Quotulatiousness

July 21, 2013

Reason.tv – Detroit’s Tragedy and How to Fix It

Filed under: Economics, Government, USA — Tags: , , , — Nicholas @ 09:12

The key things about Detroit’s bankruptcy are that it didn’t happen overnight – and it didn’t have to happen at all.

Detroit’s long, sad slide started in 1950, when the Motor City’s population peaked at nearly 2 million people. Now it’s around 700,000.

The hollowing out of the city was on gut-wrenching display in two recent exhibits at the National Building Museum, featuring photographs by Camilo Jose Vergara and Andrew Moore.

In fat times and lean, the city’s pols and power-brokers chose to focus their energy, and the residents’ tax dollars on gigantic, big-ticket development scams while ignoring the basics that let cities thrive — or at least survive.

Detroit’s leaders poured money into a never-ending assembly line of sad-sack projects such as the Renaissance Center, the Fox Theater, Comerica Park, Poletown, the People Mover, and Ford Field.

But unlike Pompei and other cities crushed by Nature’s wrath or God’s wrath, Detroit’s destruction is completely man-made and thus can be reversed. The city that midwifed the Model T and the Cadillac, Bob Seger and Eminem, Ted Nugent and the Insane Clown Posse, still has tremendous assets in terms of infrastructure, location, and people.

Like Buffalo, Cleveland, St. Louis, and other dead cities scattered across the map of the industrial Midwest like so many cigarette burns, Detroit can stage its own comeback by reducing crime and picking up garbage; by freeing kids, parents, and property values from an abysmal school system; and getting the government out of everything that isn’t essential.

In other words, Detroit’s leaders only need to do what they should have been doing for the past 50 years. And the city’s dwindling supply of residents needs to keep them honest this time.

Because Detroit is finally out of next times.

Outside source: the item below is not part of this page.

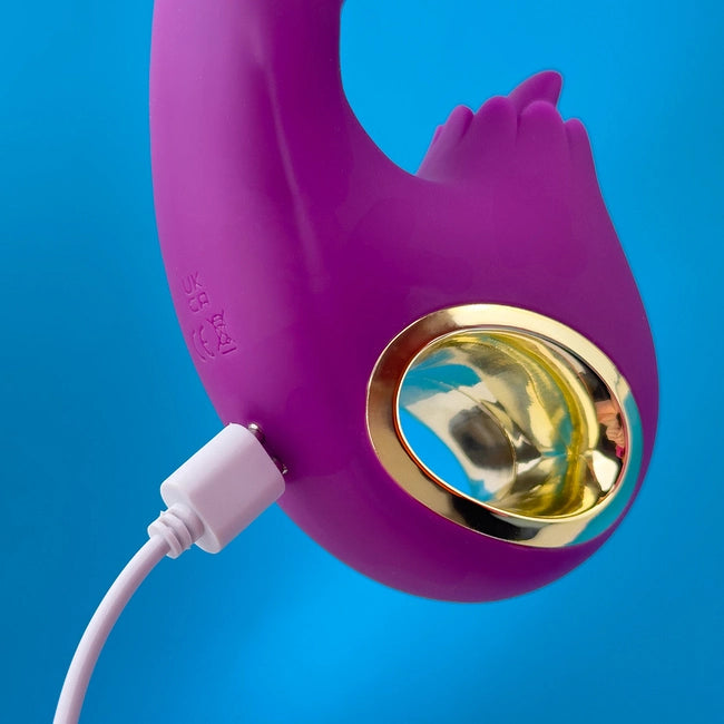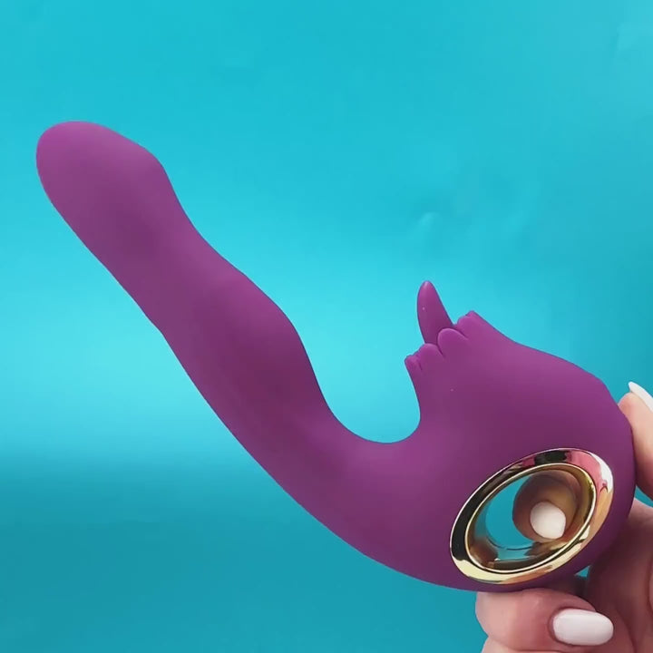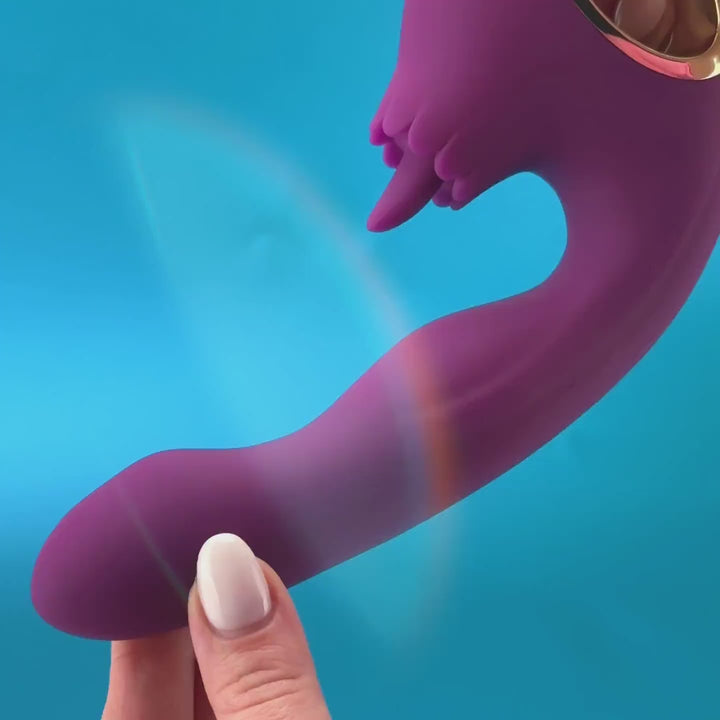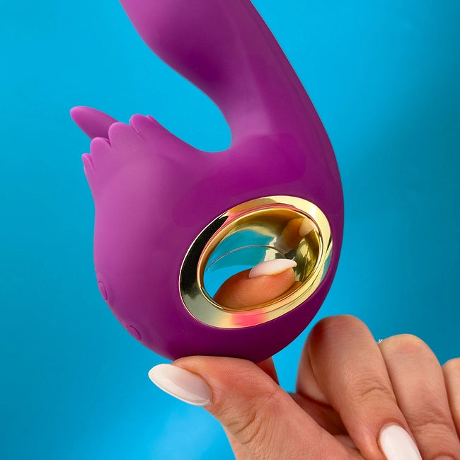 The Love Song rabbit vibrator massages your G-spot with 10 rotating and vibration modes on the shaft, while the small tongue teases the clit with 10 licking modes.

Produced by Jim Epstein. Written and narrated by Nick Gillespie. Additional camera by Meredith Bragg.

1 Comment

  1. I can think of some Canadian cities that should learn from this. Winnipeg, for one. City government must focus on their primary responsibilities before wasting money on crap art projects and other social experimentations. Infrastructure, security such as Police, Fire and Ambulance, etc first should be priority, not projects like the Human Rights museum and football stadiums. In cases such as those a judicial use of tax credits instead of cash should be offered. You are getting no money in from them anyway, so don’t spend money on them and defer or lower taxes on them for a period that allows them to grow and prosper, and then hit them up for a normal tax bill.